# Pet Salamander! Name needed!



## Xavion (Jan 19, 2015)

Hello my fellow fish fanatics!

I've recently received a salamander as a pet. It doesn't do much, the lazy thing just waddles back and forth between the water and the sand.

The species is _Ambystoma texanum_, not the most colorful of salamanders, but still interesting.

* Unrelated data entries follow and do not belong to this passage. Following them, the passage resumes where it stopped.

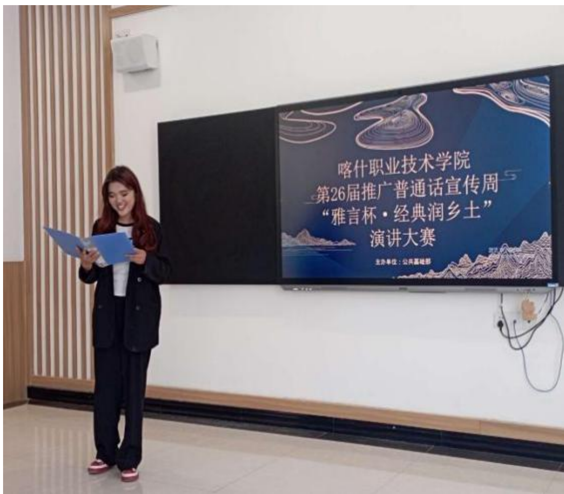
图 40：“家园中国”诵读大赛现场

9月12日下午，诵读大赛现场的参赛选手紧紧围绕活动主题，以独诵、合诵、情境朗诵等形式，通过《中国颂》《月光下的中国》《如果信仰有颜色》《读中国》《少年中国说》等主题鲜明的作品，诵出了我们伟大的中国共产党浴血奋战、领导人民开拓进取的华歌；诵出了我们对伟大祖国日新月异、蒸蒸日上的赞美；诵出了我们青年当自强、吾辈创佳绩的豪情！赛场上，选手们声情并茂、激情澎湃，以饱满的热情歌颂着我们的祖国，抒发着对党深深的热爱，让师生们受到了精神上的洗礼和思想上的升华。
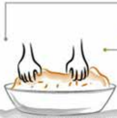
Ahora debe amasarse hasta que sea evidente el aceite en las manos.
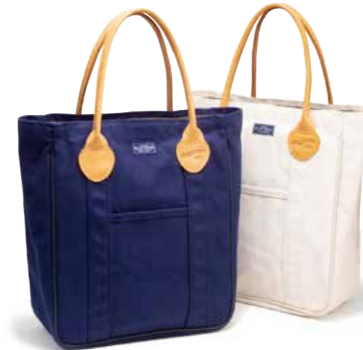
TOTE BAG CL-BA101 ¥15,800 SIZE:H30.4×W53×D20.3cm COLOR:アイボリー/ネイビー
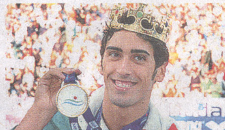
2006 Campione europeo dei 100 s.l.
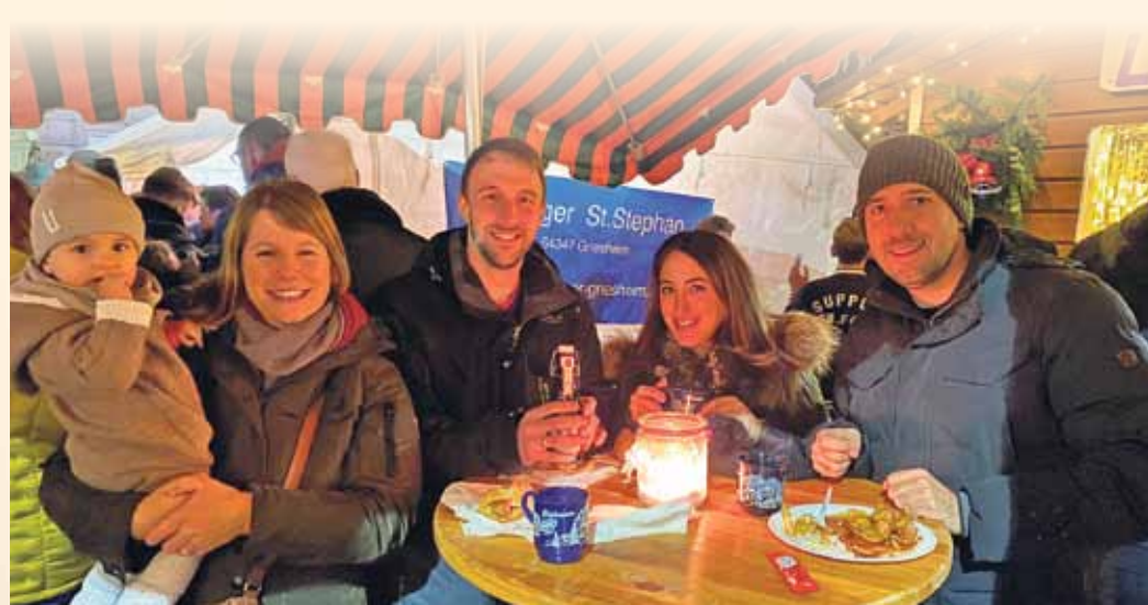
Hier kann man es sich gut gehen lassen. Wer Glück hat, ergattert sich einen Stehtisch und genießt im Kreise seiner Freunde die leckeren kulinarischen Köstlichkeiten der Vereine. Kleine Preise sorgen seit vielen Jahren dafür, dass jeder auch an mehreren Ständen zuschlagen kann.

Am Sonntag (8. Dezember) wird an verschiedenen Ständen ab 12 Uhr Mittagessen angeboten. In der Zeit von 16 bis 18 Uhr kommt der Nikolaus und verteilt Schokoladenweihnachtsmänner an die Kinder. km
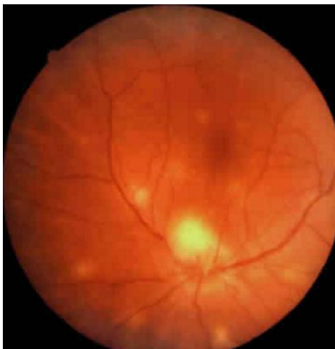
Figure 3: Cliché anérythre de l'œil montrant des nodules blanchâtres sous rétiniens disséminés: tubercules choroïdiens de Bouchut
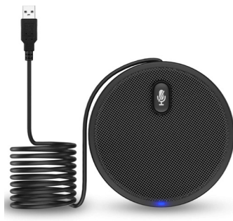
Pallomikrofoni (eli monisuuntainen)
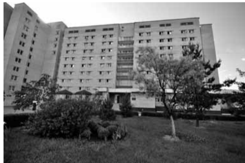
Гуртожитки №3 та 4
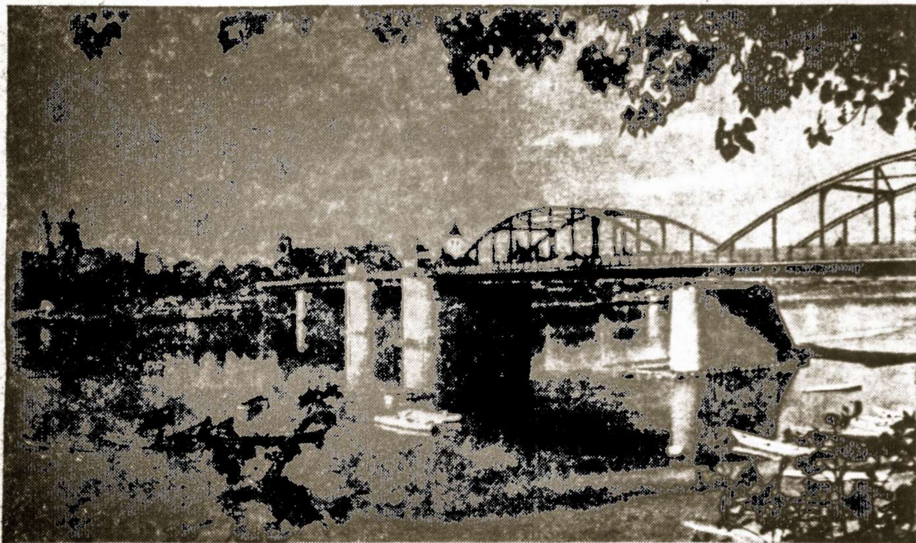
Vytauto Didžiojo tiltas per Nemuną, ties Kaunu. Kaštavo apie tris milijonus litų. Bolševikai, 1941 m., traukdami iš tiltą susprogdino.

If anyone would like to suggest names, that'd be nice. I'm unsure of the gender, and I don't particularly feel like sexing the thing, so any name will work.


----------



## LittleStar (Oct 2, 2015)

Hi there! Here are some name ideas that I think are cute: Jaws, Izzy, Crush, Bubbles, Nessie, Wiggles, King, Apollo, Ozzy, Sprinkles, Cupcake, Tarzan and Spot. Congrats, and have fun! : ) PS love your duck joke lol


----------



## Xavion (Jan 19, 2015)

LittleStar said:


> Hi there! Here are some name ideas that I think are cute: Jaws, Izzy, Crush, Bubbles, Nessie, Wiggles, King, Apollo, Ozzy, Sprinkles, Cupcake, Tarzan and Spot. Congrats, and have fun! : ) PS love your duck joke lol


Ooh, I really like Apollo. Thanks!


----------